***** SUPPLIED DATA
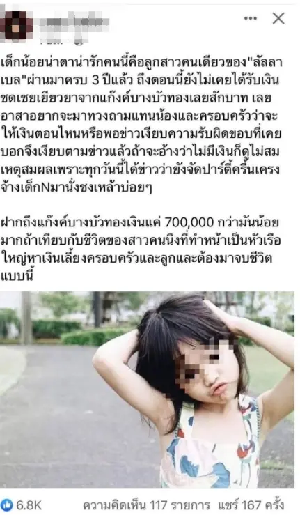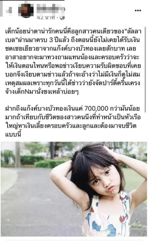 “เด็กน้อยหน้าตาน่ารักคนนี้คือลูกสาวคนเดียวของ “ลัลลาเบล” ผ่านมาครบ 3 ปีแล้ว ถึงตอนนี้ยังไม่เคยได้รับเงินชดเชยเยียวยาจากแก๊งบางบัวทองเลยสักบาท เลยอาสาอยากจะมาทวงถามแทนน้องและครอบครัวว่า จะให้เงินตอนไหนหรือพอข่าวเงียบความรับผิดชอบที่เคยบอกจึงเงียบตามข่าว แล้วถ้าจะอ้างว่าไม่มีเงินก็ดูจะไม่สมเหตุสมผลเพราะทุกวันนี้ได้ข่าวว่ายังจัดปาร์ตี้ครื้นเครง จ้างเด็ก N มานั่งชงเหล้าบ่อยๆ ฝากถึงแก๊งบางบัวทองเงินแค่ 700,000 กว่า มันน้อยมากถ้าเทียบกับชีวิตของสาวคนนึงที่ทำหน้าที่เป็นหัวเรือใหญ่หาเงินเงี้ยงครอบครัวและลูก และต้องมาจบชีวิตแบบนี้”
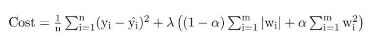 The Elastic Net regularization adds a penalty term to the model’s cost function that combines both the L1 and L2 regularization terms. The cost function is augmented with two hyperparameters: alpha and lambda.
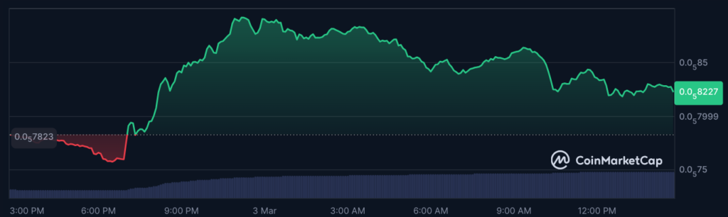 با وجود فروش گسترده این نهنگ، قیمت خرید پپه در بازار ارزهای دیجیتال در طول ۲۴ ساعت گذشته ۵.۸۶٪ افزایش یافته و به ۰.۰۰۰۰۰۸۲۶۵ دلار رسید.
**********
- _WHAT NEEDS TO BE DONE_
Word-for-word transcription: the whole listing, with images excluded.

- _REPLY TO THE EXERCISE_
 “เด็กน้อยหน้าตาน่ารักคนนี้คือลูกสาวคนเดียวของ “ลัลลาเบล” ผ่านมาครบ 3 ปีแล้ว ถึงตอนนี้ยังไม่เคยได้รับเงินชดเชยเยียวยาจากแก๊งบางบัวทองเลยสักบาท เลยอาสาอยากจะมาทวงถามแทนน้องและครอบครัวว่า จะให้เงินตอนไหนหรือพอข่าวเงียบความรับผิดชอบที่เคยบอกจึงเงียบตามข่าว แล้วถ้าจะอ้างว่าไม่มีเงินก็ดูจะไม่สมเหตุสมผลเพราะทุกวันนี้ได้ข่าวว่ายังจัดปาร์ตี้ครื้นเครง จ้างเด็ก N มานั่งชงเหล้าบ่อยๆ ฝากถึงแก๊งบางบัวทองเงินแค่ 700,000 กว่า มันน้อยมากถ้าเทียบกับชีวิตของสาวคนนึงที่ทำหน้าที่เป็นหัวเรือใหญ่หาเงินเงี้ยงครอบครัวและลูก และต้องมาจบชีวิตแบบนี้”
 The Elastic Net regularization adds a penalty term to the model’s cost function that combines both the L1 and L2 regularization terms. The cost function is augmented with two hyperparameters: alpha and lambda.
 با وجود فروش گسترده این نهنگ، قیمت خرید پپه در بازار ارزهای دیجیتال در طول ۲۴ ساعت گذشته ۵.۸۶٪ افزایش یافته و به ۰.۰۰۰۰۰۸۲۶۵ دلار رسید.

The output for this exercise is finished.